In the process of adapting it, I found a few places where I can
optimize it a bit. However, bigger optimizations came simply
from declaring functions static, as recent gcc versions
are using register parameter passing in this case.

As a result, bzip2 in busybox is significantly faster than bzip2
built from your latest source tarball.

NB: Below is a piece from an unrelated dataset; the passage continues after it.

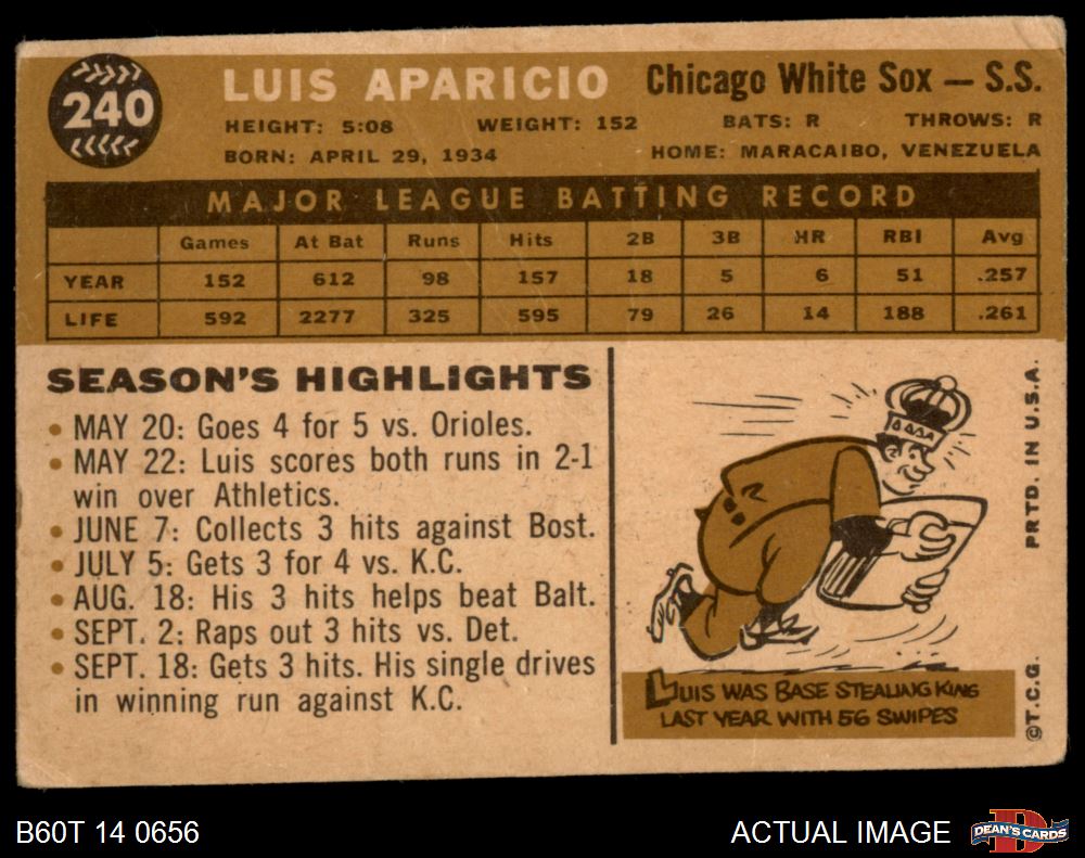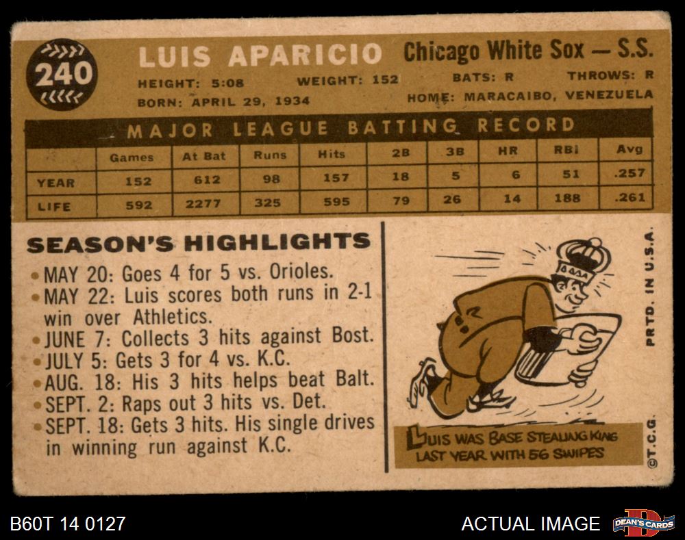 1960 Topps #240 Luis Aparicio 1.5 - FAIR

To be more exact:
when compiled with gcc 4.2.1, and run on Athlon 64 1800 MHz
with 512K L2 cache, stock bzip2 is 26.4% slower than bbox bzip2.
(time to compress gcc-4.2.1.tar is 126.4% compared to bbox).

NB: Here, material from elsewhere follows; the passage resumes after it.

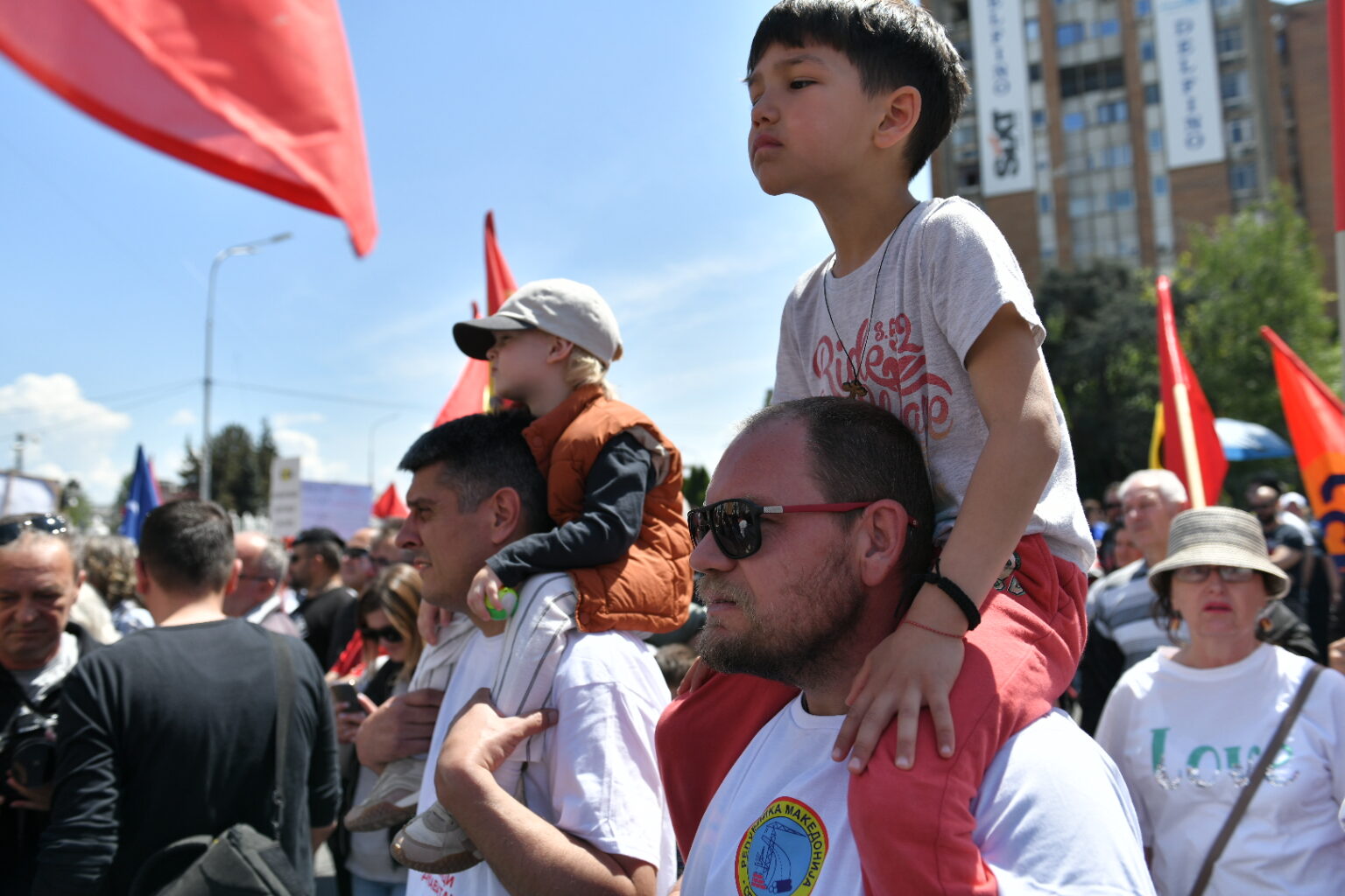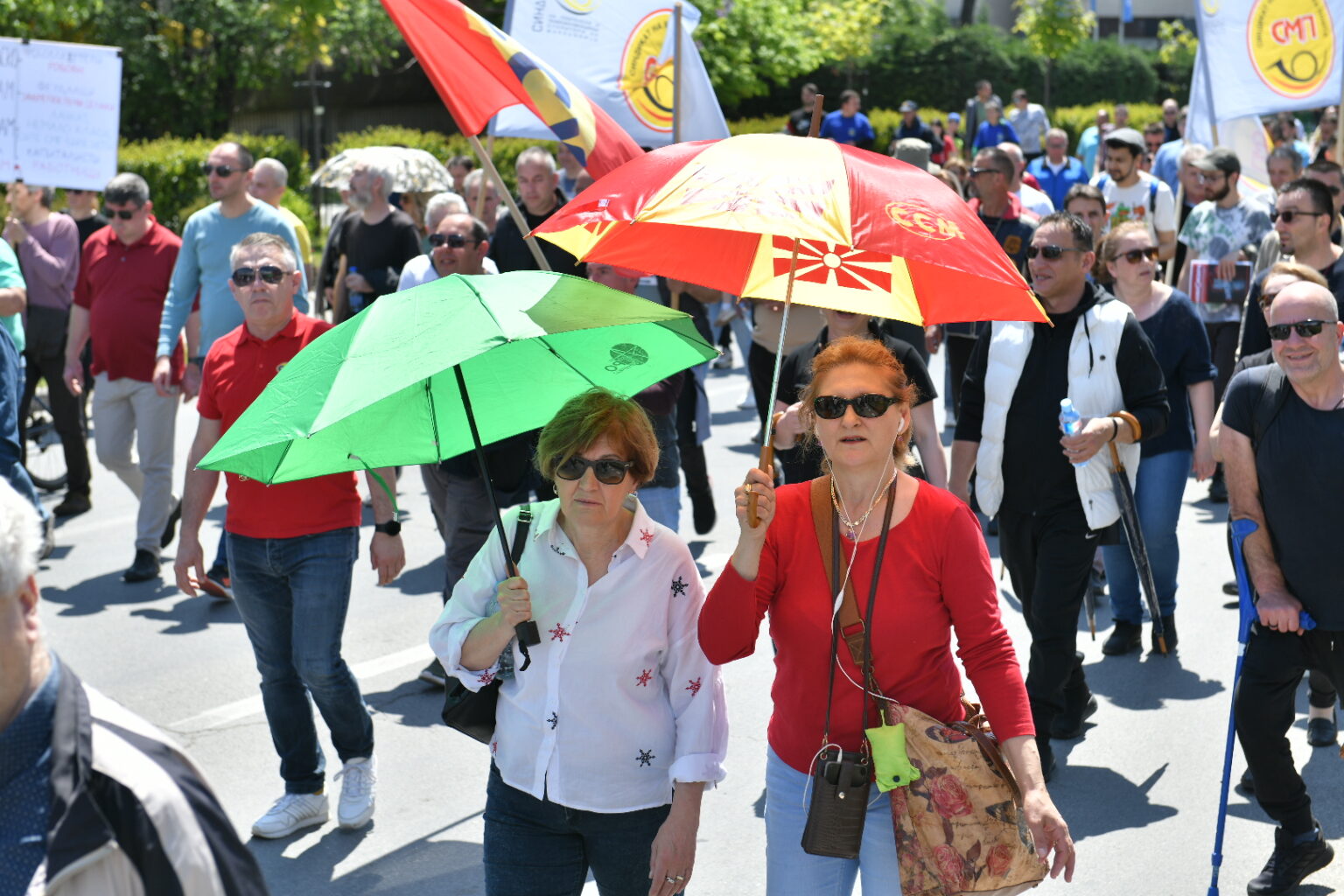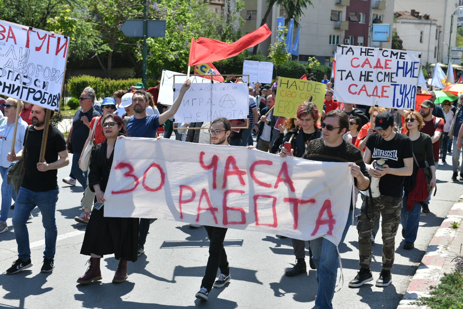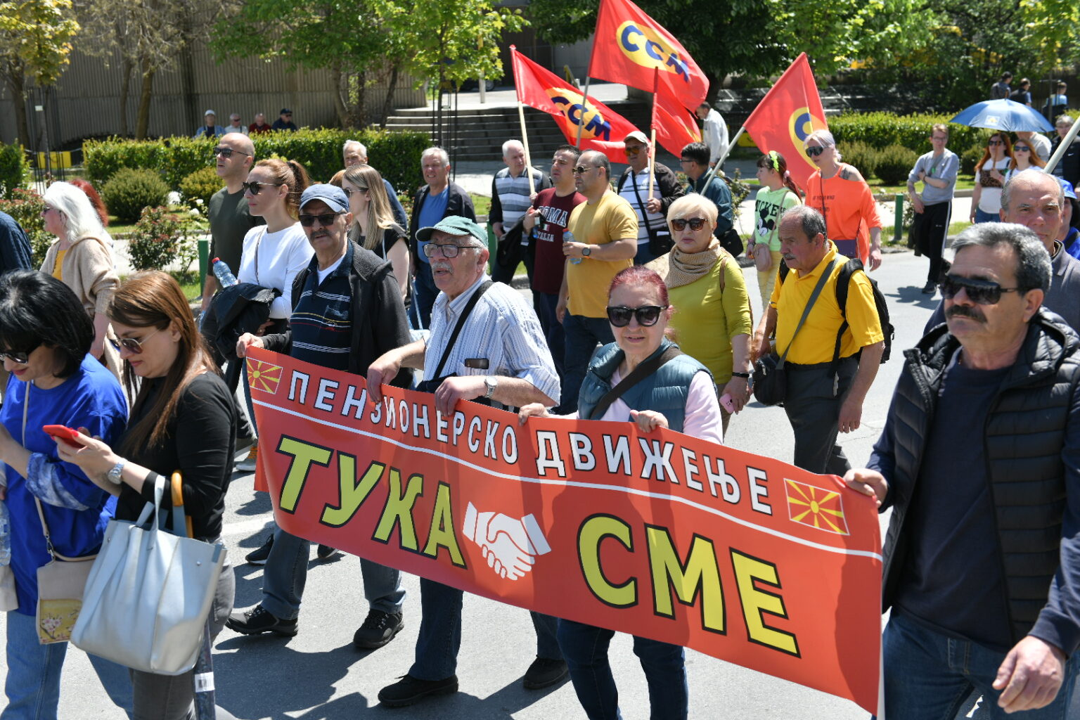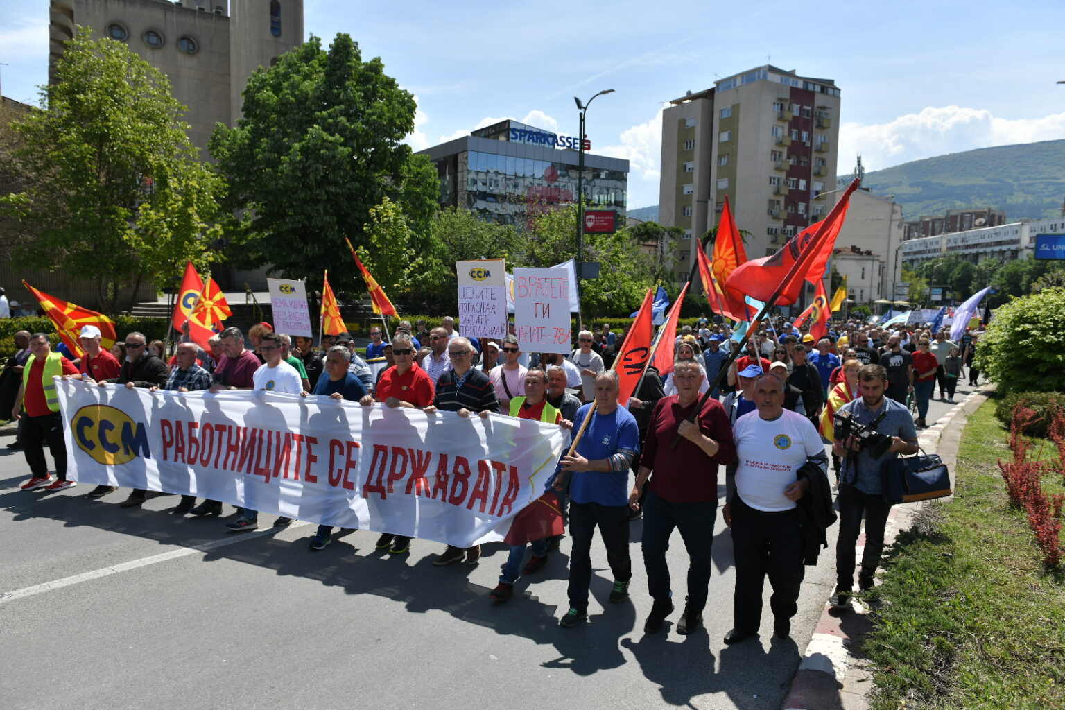 Протестниот марш по повод 1 Мај почна од пред седиштето на Сојузот на синдикати, продолжи пред Собранието, па пред Владата.

Small optimization opportunities I noticed and implemented
in compress.c (sorry, indentation and formatting a bit changed,
but shouldn't be hard to find these places):

                        /*
                         * Find the coding table which is best for this group,
                         * and record its identity in the selector table.
                         */
                        /*bc = 999999999;*/
                        /*bt = -1;*/
                        bc = cost[0];
                        bt = 0;
                        for (t = 1 /*0*/; t < nGroups; t++) {
                                if (cost[t] < bc) {
                                        bc = cost[t];
                                        bt = t;
                                }
                        }

And here:
"Transmit the mapping table" part is heavily modified,
temporary vector eliminated (now we use bitmap instead, fits into one register),
two loops eliminated, many one-bit bsW() calls coalesced into 16-bit ones.
Object code is much smaller:

        /*--- Transmit the mapping table. ---*/
        {
                /* bbox: optimized a bit more than in bzip2 */
                int inUse16 = 0;
                for (i = 0; i < 16; i++) {
                        if (sizeof(long) <= 4) {
                                inUse16 = inUse16*2 +
                                        ((*(uint32_t*)&(s->inUse[i * 16 + 0])
                                        | *(uint32_t*)&(s->inUse[i * 16 + 4])
                                        | *(uint32_t*)&(s->inUse[i * 16 + 8])
                                        | *(uint32_t*)&(s->inUse[i * 16 + 12])) 
!= 0);
                        } else { /* Our CPU can do better */
                                inUse16 = inUse16*2 +
                                        ((*(uint64_t*)&(s->inUse[i * 16 + 0])
                                        | *(uint64_t*)&(s->inUse[i * 16 + 8])) 
!= 0);
                        }
                }

                nBytes = s->numZ;
                bsW(s, 16, inUse16);

                inUse16 <<= (sizeof(int)*8 - 16); /* move 15th bit into sign 
bit */
                for (i = 0; i < 16; i++) {
                        if (inUse16 < 0) {
                                unsigned v16 = 0;
                                for (j = 0; j < 16; j++)
                                        v16 = v16*2 + s->inUse[i * 16 + j];
                                bsW(s, 16, v16);
                        }
                        inUse16 <<= 1;
                }
        }

Again, I do not think that observed speedup is due to these optimizations
only, they are too small.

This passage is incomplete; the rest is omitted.